By analyzing existing cross correlation between Prysmian SpA and ABB, you can compare the effects of market volatilities on Prysmian SpA and ABB and check how they will diversify away market risk if combined in the same portfolio for a given time horizon. You can also utilize pair trading strategies of matching a long position in Prysmian SpA with a short position of ABB. Check out your portfolio center. Please also check ongoing floating volatility patterns of Prysmian SpA and ABB.

Diversification Opportunities for Prysmian SpA and ABB

0.87
  Correlation Coefficient

Very poor diversification

The 3 months correlation between Prysmian and ABB is 0.87. Overlapping area represents the amount of risk that can be diversified away by holding Prysmian SpA and ABB in the same portfolio, assuming nothing else is changed. The correlation between historical prices or returns on ABB and Prysmian SpA is a relative statistical measure of the degree to which these equity instruments tend to move together. The correlation coefficient measures the extent to which returns on Prysmian SpA are associated (or correlated) with ABB. Values of the correlation coefficient range from -1 to +1, where. The correlation of zero (0) is possible when the price movement of ABB has no effect on the direction of Prysmian SpA i.e., Prysmian SpA and ABB go up and down completely randomly.

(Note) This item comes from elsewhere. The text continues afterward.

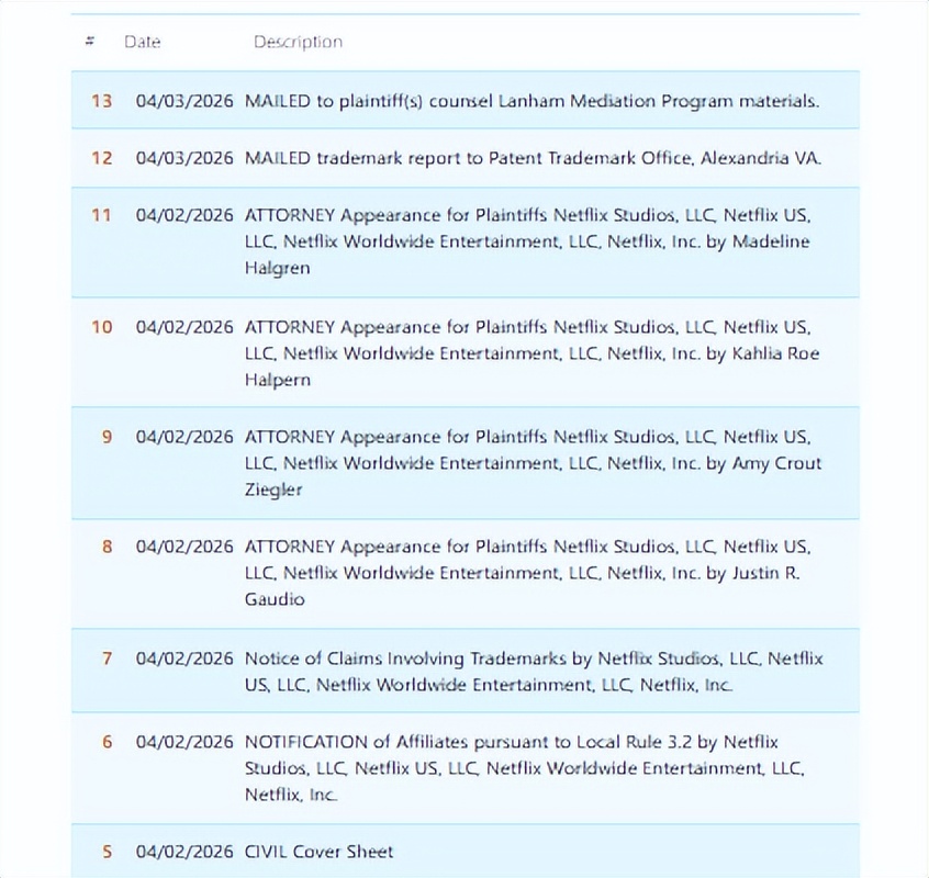 原告:Netflix, Inc., Netflix Studios, LLC, Netflix US, LLC, and Netflix Worldwide Entertainment, LLC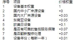 價(jià)格平衡點(diǎn):二手設(shè)備因?yàn)楸阋怂杂惺袌觯⒉皇窃奖阋嗽胶?。關(guān)鍵是要找好一個價(jià)格平衡點(diǎn)。根據(jù)二手SMT設(shè)備的行業(yè)經(jīng)驗(yàn),建議你設(shè)定以下權(quán)重來評估你的價(jià)格是否合理。請見下表:

Pair Corralation between Prysmian SpA and ABB

Assuming the 90 days horizon Prysmian SpA is expected to generate 2.17 times more return on investment than ABB. However, Prysmian SpA is 2.17 times more volatile than ABB. It trades about 0.11 of its potential returns per unit of risk. ABB is currently generating about 0.15 per unit of risk. If you would invest  4,592  in Prysmian SpA on January 25, 2024 and sell it today you would earn a total of  755.00  from holding Prysmian SpA or generate 16.44% return on investment over 90 days.
Time Period3 Months [change]
DirectionMoves Together 
StrengthStrong
Accuracy100.0%
ValuesDaily Returns

Prysmian SpA  vs.  ABB

 Performance 
       Timeline  
Prysmian SpA 

Risk-Adjusted Performance

7 of 100

 
Weak
 
Strong
OK
Compared to the overall equity markets, risk-adjusted returns on investments in Prysmian SpA are ranked lower than 7 (%) of all global equities and portfolios over the last 90 days. Despite nearly abnormal primary indicators, Prysmian SpA reported solid returns over the last few months and may actually be approaching a breakup point.
ABB 

Risk-Adjusted Performance

12 of 100

 
Weak
 
Strong
Good
Compared to the overall equity markets, risk-adjusted returns on investments in ABB are ranked lower than 12 (%) of all global equities and portfolios over the last 90 days. Despite nearly abnormal basic indicators, ABB reported solid returns over the last few months and may actually be approaching a breakup point.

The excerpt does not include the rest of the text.